Thick, yellow toenails left so long they split and crumble.
Nails so misshapen they dig into the skin, causing infections.

Or, in the most severe cases, curling into what we call ‘ram’s horns’ that need to be removed entirely.
As a podiatrist of many years, I’ve seen it all.
These conditions are often dismissed as minor inconveniences, but they can have profound effects on a person’s quality of life.
For many, the embarrassment of unsightly toes leads to self-isolation, while others endure chronic pain that limits mobility and increases the risk of serious infections.
The reality is that these issues are far more common than most people realize, yet they are often ignored until they become unmanageable.
At best, these ailments can look unsightly.

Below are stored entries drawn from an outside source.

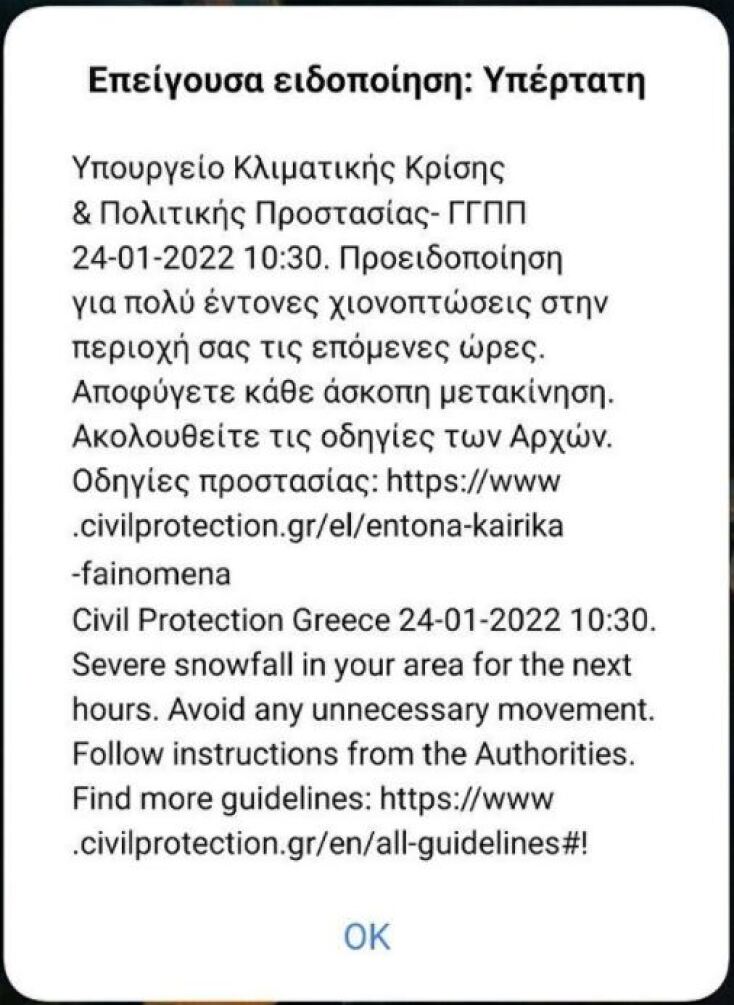 «Επείγουσα ειδοποίηση. Υπουργείο Κλιματικής Κρίσης & Πολιτικής Προστασίας - ΓΓΠΠ 24-01-2022 10:30. Προειδοποίηση για πολύ έντονες χιονοπτώσεις στην περιοχή σας τις επόμενες ώρες. Αποφύγετε κάθε άσκοπη μετακίνηση. Ακολουθείτε τις οδηγίες των Αρχών. Οδηγίες προστασίας: https://www.civilprotection.gr/el/entona-kairika-fainomena»
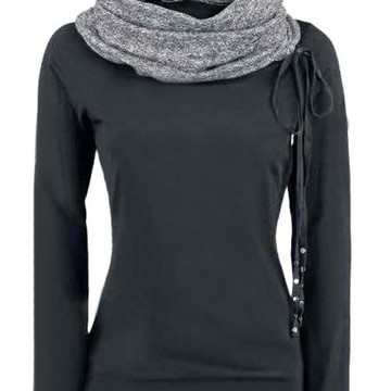 2015歐美速賣通新款灰色拼接堆堆領加厚衛衣 /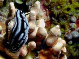 Everybody loves nudibranch photos. Even though it looks like I pasted these two together in Photoshop, it's an unretouched picture. Here are a few more shots of Maldivian nudibranchs: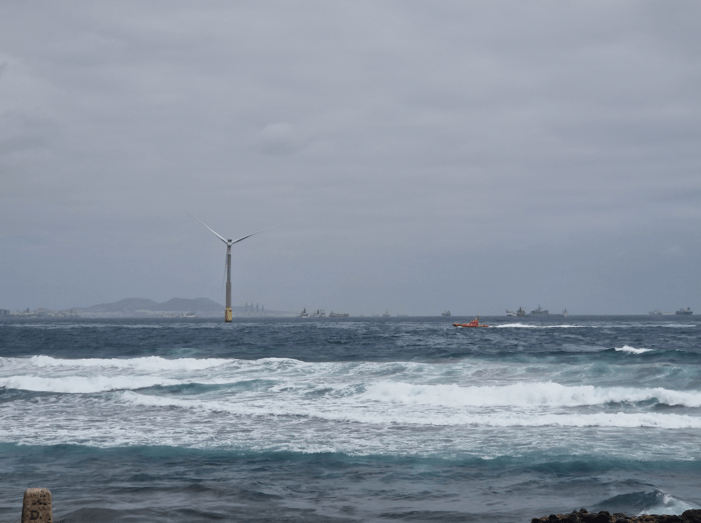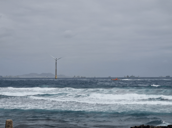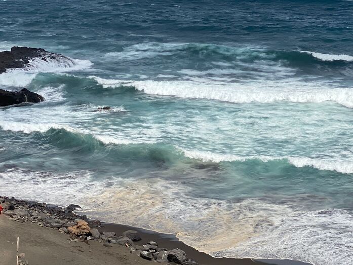 La mancha, que aún no ha tocado tierra pero que es bastante visible desde la costa, se extiende desde el aerogenerador marino de la Plocan (Plataforma Oceánica de Canarias) hasta la playa de La Restinga.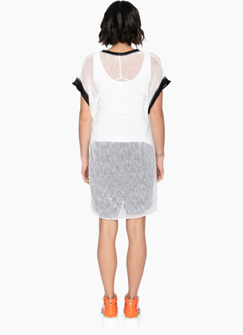 - Semi-sheer white colour with contrasting black trim at the neckline and sleeves for modern graphic detail

But at worst, thickened or damaged toenails can be agonising, limit mobility, and trigger dangerous infections.
Studies suggest up to 8 per cent of younger adults are affected—rising to as many as one in five over-60s.
By the time many people come to see me in my clinics, the problem has been left so long that every nail is thickened, brittle, or misshapen.
They often arrive having tried everything at home, from tea tree oil to pharmacy remedies, but with little success.
The truth is, things don’t have to get this bad.
Some cases are caused by fungal infections, which can be treated.
Others simply stem from years of ill-fitting shoes.
Whatever the cause, the key is to get assessed by a podiatrist or GP early, before it worsens or masks another health issue.
As with so many medical complaints, early intervention makes all the difference.
Repeated small bumps to the nail can cause it to thicken at the root—a condition called onychauxis.
Sometimes this is the result of an accident, but more often it comes down to footwear.
Shoes that are too small, narrow, or laced too loosely can make toenails bash constantly against the shoe.
After years, nails can become permanently thickened by the repeated pressure.
The fix?
Make sure your shoes fit properly, with plenty of space in the toe box, and lace them tightly enough to stop your foot sliding forward.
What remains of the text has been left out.